Top of Study material

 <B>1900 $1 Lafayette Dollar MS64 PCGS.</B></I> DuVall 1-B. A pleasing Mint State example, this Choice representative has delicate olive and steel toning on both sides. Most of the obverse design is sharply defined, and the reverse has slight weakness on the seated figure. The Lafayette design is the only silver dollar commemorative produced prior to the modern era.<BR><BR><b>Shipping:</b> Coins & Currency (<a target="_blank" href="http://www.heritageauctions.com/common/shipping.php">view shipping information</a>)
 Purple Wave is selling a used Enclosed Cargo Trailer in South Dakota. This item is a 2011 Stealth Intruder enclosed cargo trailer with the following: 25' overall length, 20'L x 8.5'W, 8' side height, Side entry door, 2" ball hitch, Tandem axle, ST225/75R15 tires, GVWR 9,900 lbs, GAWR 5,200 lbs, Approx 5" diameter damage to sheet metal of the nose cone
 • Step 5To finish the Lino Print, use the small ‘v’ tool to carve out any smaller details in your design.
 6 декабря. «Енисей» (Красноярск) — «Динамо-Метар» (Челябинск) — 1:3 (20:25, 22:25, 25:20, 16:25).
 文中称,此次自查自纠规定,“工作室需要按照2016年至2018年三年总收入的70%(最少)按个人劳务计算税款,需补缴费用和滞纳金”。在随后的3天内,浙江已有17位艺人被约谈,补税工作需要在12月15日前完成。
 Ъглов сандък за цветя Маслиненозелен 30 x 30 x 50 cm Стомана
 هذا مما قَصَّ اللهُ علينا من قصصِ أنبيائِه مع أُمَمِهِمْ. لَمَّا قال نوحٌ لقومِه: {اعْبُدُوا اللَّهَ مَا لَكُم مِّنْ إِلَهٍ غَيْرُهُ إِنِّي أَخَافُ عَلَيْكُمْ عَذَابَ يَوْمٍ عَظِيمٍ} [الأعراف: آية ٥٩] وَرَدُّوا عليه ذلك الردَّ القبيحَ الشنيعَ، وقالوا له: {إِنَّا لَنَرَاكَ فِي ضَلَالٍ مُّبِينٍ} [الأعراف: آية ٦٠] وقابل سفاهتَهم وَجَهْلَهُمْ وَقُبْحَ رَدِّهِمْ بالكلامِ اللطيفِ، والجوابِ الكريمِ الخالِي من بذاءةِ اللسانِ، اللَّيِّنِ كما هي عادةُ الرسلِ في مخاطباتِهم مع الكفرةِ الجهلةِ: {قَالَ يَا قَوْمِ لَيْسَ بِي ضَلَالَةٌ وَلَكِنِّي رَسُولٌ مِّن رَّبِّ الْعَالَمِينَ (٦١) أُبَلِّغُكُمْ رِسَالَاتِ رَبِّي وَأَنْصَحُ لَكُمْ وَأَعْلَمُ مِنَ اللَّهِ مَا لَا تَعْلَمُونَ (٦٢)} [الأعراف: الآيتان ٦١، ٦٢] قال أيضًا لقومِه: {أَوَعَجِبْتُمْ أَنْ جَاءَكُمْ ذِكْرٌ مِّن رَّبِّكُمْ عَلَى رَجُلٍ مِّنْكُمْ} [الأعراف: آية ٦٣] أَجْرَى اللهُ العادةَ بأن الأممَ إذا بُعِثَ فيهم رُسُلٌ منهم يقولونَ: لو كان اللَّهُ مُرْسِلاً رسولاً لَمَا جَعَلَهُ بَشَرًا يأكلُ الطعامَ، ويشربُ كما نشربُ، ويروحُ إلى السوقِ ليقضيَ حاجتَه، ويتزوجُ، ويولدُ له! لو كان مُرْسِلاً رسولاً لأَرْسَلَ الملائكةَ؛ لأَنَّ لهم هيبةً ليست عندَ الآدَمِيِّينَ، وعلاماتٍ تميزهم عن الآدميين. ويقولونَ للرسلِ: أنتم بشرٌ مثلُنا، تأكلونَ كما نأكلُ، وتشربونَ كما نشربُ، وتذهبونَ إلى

Bottom of Study material

-- Task instructions --
What are the lines, exactly as written above, from the line with "22:25, 25:20, 16:25)." to the line with "Ъглов сандък за", both included? Output only those.

-- Output for this exercise --
 6 декабря. «Енисей» (Красноярск) — «Динамо-Метар» (Челябинск) — 1:3 (20:25, 22:25, 25:20, 16:25).
 文中称,此次自查自纠规定,“工作室需要按照2016年至2018年三年总收入的70%(最少)按个人劳务计算税款,需补缴费用和滞纳金”。在随后的3天内,浙江已有17位艺人被约谈,补税工作需要在12月15日前完成。
 Ъглов сандък за цветя Маслиненозелен 30 x 30 x 50 cm Стомана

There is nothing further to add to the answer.